Yansi
Yansi
(dreams)The Yansi belong to the great Central Bantu culture area extending across central Africa from west to east; they inhabit the lower Kwilu and Inzia rivers in Bandundu Province in the Republic of Zaire. Yansi society is characterized by a system of stratification, a system of kinship and marriage, and a priesthood, which holds the spiritual power called lebui. Also, in Yansi society there is a particular concern with boundaries and relations between the living and the dead, elders, medicine custodians, and ordinary people.
Dreams play a fundamental role in the life of the Yansi and are as important as waking experiences. Dreams are usually sought in order to obtain commentaries upon current circumstances. For instance, they are carefully examined when someone is ill, as well as before going on a hunt, in order to assess the chances of success.

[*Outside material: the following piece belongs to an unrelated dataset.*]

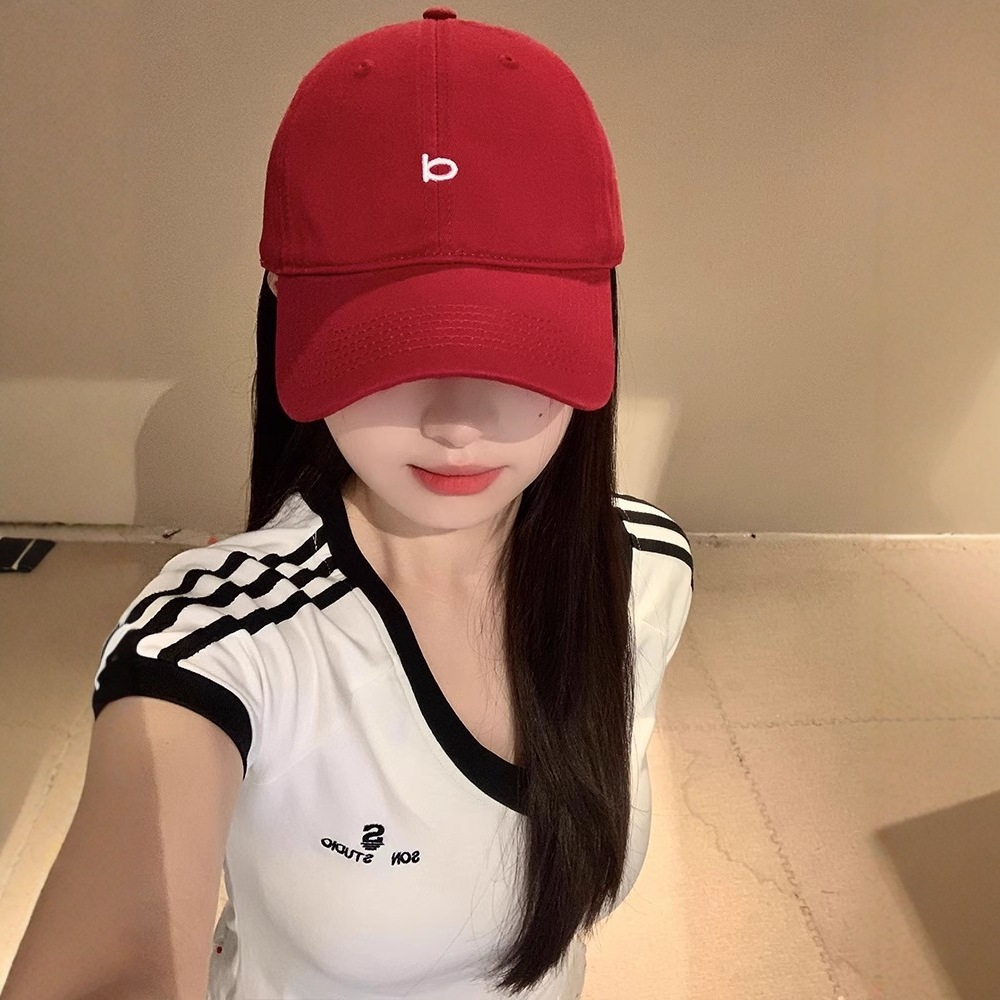 韓国版の赤い色を大きくして野球帽を深めます。女性2025年の春の新型の大きなつばのアヒルの舌の帽子は顔の小さい帽子の潮を現します。
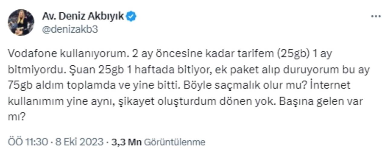 İşte avukatın o tweeti; “Vodafone kullanıyorum. 2 ay öncesine kadar tarifem (25gb) 1 ay bitmiyordu. Şu an 25 gb 1 haftada bitiyor, ek paket alıp duruyorum bu ay 75 gb aldım toplamda ve yine bitti. Böyle saçmalık olur mu? İnternet kullanımım yine aynı, şikayet oluşturdum dönen yok. Başına gelen var mı”

Dreams are regarded as an extraordinary phenomenon, and diverse attitudes are taken toward them by the Yansi, from admiration to fear.
Dreaming is integral to the Yansi witchcraft-sorcery-medicine complex. Among Yansi clan-elders and medicine-owners, who are wise dream interpreters and accurate oracular dreamers, the elaborate distinction made between different kinds and qualities of dreams can be seen as part of a discourse of conceptual authority. According to Mubuy Mubay Mpier’s 1992 study on the semantics of Yansi dreams, the Yansi discriminate between recollected dreams that involve reality and those considered mere fantasy.
Dreams that are later concretely realized are generally considered true dreams. Typically, persons who dream true dreams are fetish-or medicine-owners. These people are often feared by Yansi because they can recount dreams that predict misfortune, tragedy, and anxiety. They can dream solutions to difficult problems, however, and foretell good fortune. Also, those dreams in which ordinary people receive information about their state of health and their problems are considered true dreams.
Dreams by infants as well as dreams whose content is removed from everyday life are a matter of indifference to the Yansi, and usually no importance is attributed to the accounts of mentally handicapped persons, although they also dream and can recount their dreams. Recalled dreams are often considered by Yansi elders as the desires or the apprehensions of waking life. In Yansi society, dreams are not considered a source of information about the psychodynamics of an individual; rather, they are taken into account in giving meaning to the actions and interactions of self and others. Dreams are the evidence of extra-human forces in relationship with human beings and are a means of acquiring knowledge about them. The best time to interpret a dream is usually thought to be the instant following its appearance.